Small heat shock proteins regulate microtubule assembly during cell proliferation and in response to stress through interactions that are poorly understood.
Novel functions for five interactive sequences in the small heat shock protein and molecular chaperone, human αB crystallin, were investigated in the assembly/disassembly of microtubules and aggregation of tubulin using synthetic peptides and mutants of human αB crystallin.
The interactive sequence 113FISREFHR120 exposed on the surface of αB crystallin decreased microtubule assembly by ∼45%. In contrast, the interactive sequences, 131LTITSSLSSDGV142 and 156ERTIPITRE164, corresponding to the β8 strand and the C-terminal extension respectively, which are involved in complex formation, increased microtubule assembly by ∼34–45%. The αB crystallin peptides, 113FISREFHR120 and 156ERTIPITRE164, inhibited microtubule disassembly by ∼26–36%, and the peptides 113FISREFHR120 and 131LTITSSLSSDGV142 decreased the thermal aggregation of tubulin by ∼42–44%. The 131LTITSSLSSDGV142 and 156ERTIPITRE164 peptides were more effective than the widely used anti-cancer drug, Paclitaxel, in modulating tubulin↔microtubule dynamics. Mutagenesis of these interactive sequences in wt human αB crystallin confirmed the effects of the αB crystallin peptides on microtubule assembly/disassembly and tubulin aggregation. The regulation of microtubule assembly by αB crystallin varied over a narrow range of concentrations. The assembly of microtubules was maximal at αB crystallin to tubulin molar ratios between 1∶4 and 2∶1, while molar ratios >2∶1 inhibited microtubule assembly.

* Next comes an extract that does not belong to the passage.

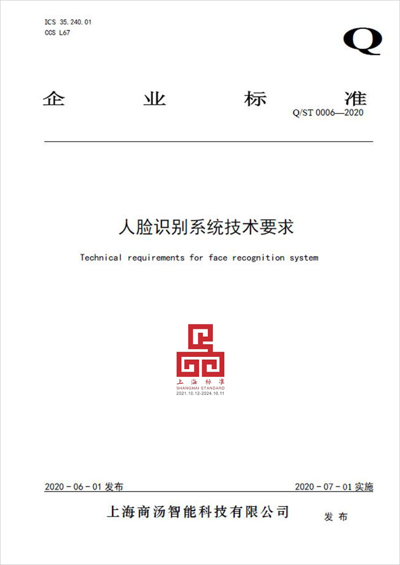 人脸识别系统技术要求(Q/ST 0006——2020)(2021获评、2024复评)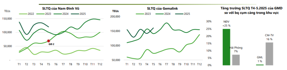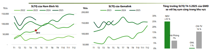 - Nam Đình Vũ GĐ3: Dự kiến hoàn thành xây dựng vào đầu Q3/25. GMD kỳ vọng hiệu suất năm 2026 đạt 50% (khoảng 400k TEU), 2027 hoạt động từ 80-100% công suất.

Interactive sequences on the surface of human αB crystallin collectively modulate microtubule assembly through a dynamic subunit exchange mechanism that depends on the concentration and ratio of αB crystallin to tubulin. These are the first experimental results in support of the functional importance of the dynamic subunit model of small heat shock proteins.